Below are records with pictures. Transcribe exactly, and only, the lines from the line with "Store extérieur vertical" to the line with "Barco de alto", both ends included, but not the pictures.

DATASET CONTENT:
****

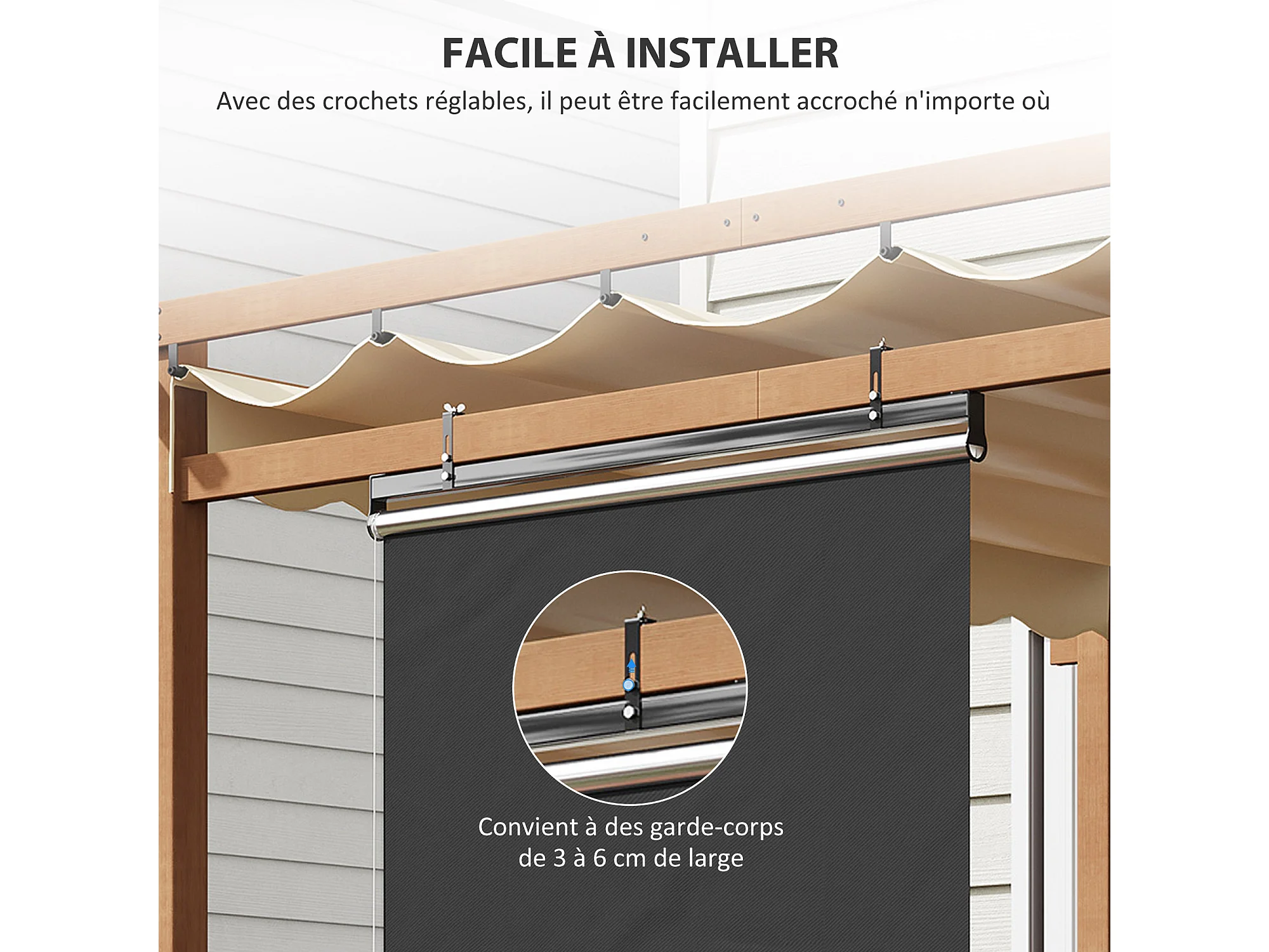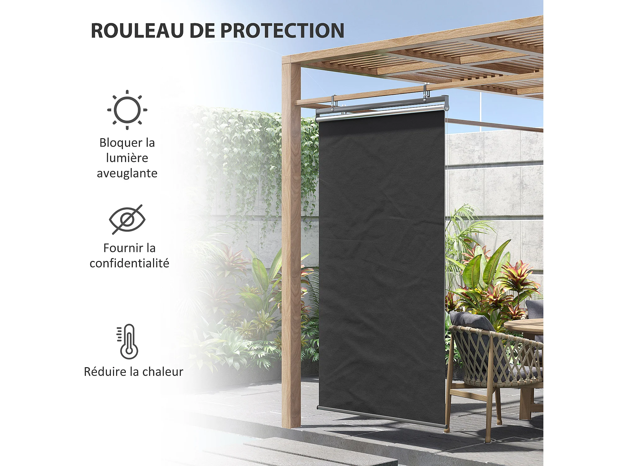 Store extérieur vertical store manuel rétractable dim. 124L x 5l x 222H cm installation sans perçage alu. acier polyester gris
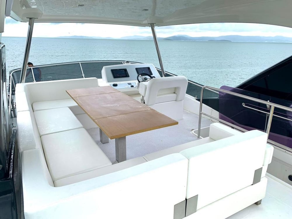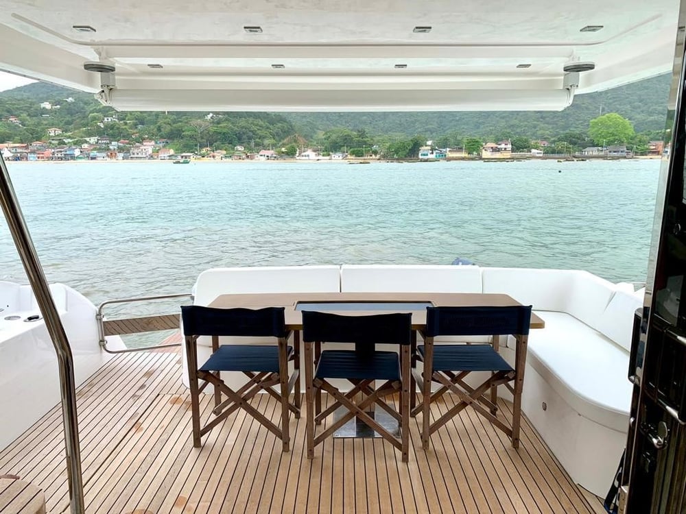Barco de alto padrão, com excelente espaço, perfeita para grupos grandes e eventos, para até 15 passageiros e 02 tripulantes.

****

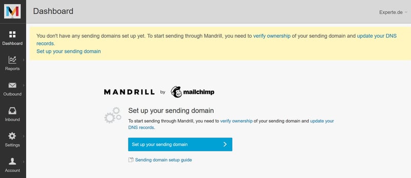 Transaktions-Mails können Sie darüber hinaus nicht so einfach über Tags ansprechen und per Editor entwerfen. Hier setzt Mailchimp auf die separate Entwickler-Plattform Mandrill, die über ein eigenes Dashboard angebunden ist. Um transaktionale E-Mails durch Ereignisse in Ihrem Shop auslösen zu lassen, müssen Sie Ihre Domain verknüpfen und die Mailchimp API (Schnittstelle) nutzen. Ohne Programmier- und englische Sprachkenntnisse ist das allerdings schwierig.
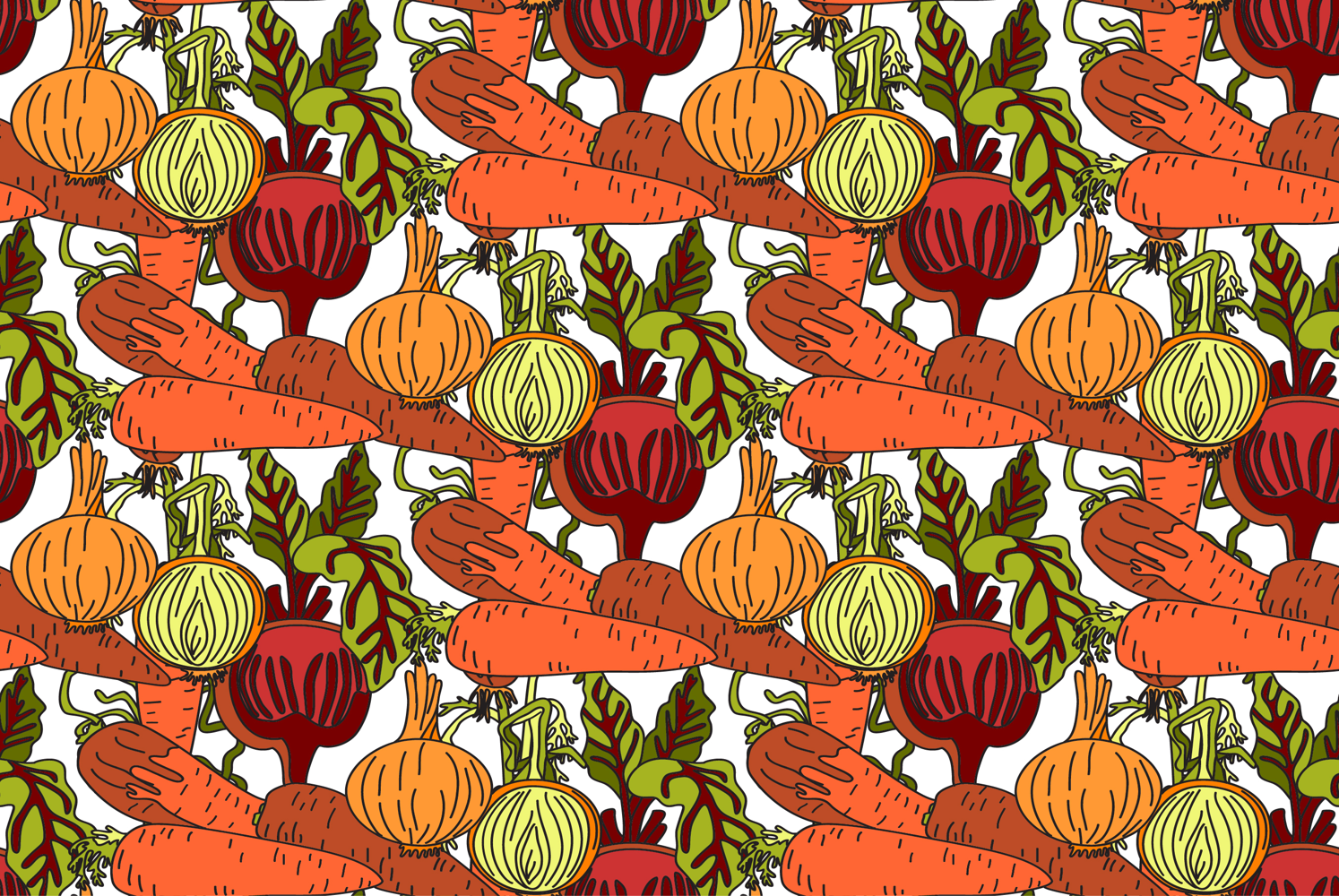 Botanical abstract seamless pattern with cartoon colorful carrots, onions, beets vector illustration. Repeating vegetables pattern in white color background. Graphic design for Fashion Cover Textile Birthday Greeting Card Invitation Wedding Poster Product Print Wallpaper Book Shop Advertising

****

EXERCISE SOLUTION:
 Store extérieur vertical store manuel rétractable dim. 124L x 5l x 222H cm installation sans perçage alu. acier polyester gris
Barco de alto padrão, com excelente espaço, perfeita para grupos grandes e eventos, para até 15 passageiros e 02 tripulantes.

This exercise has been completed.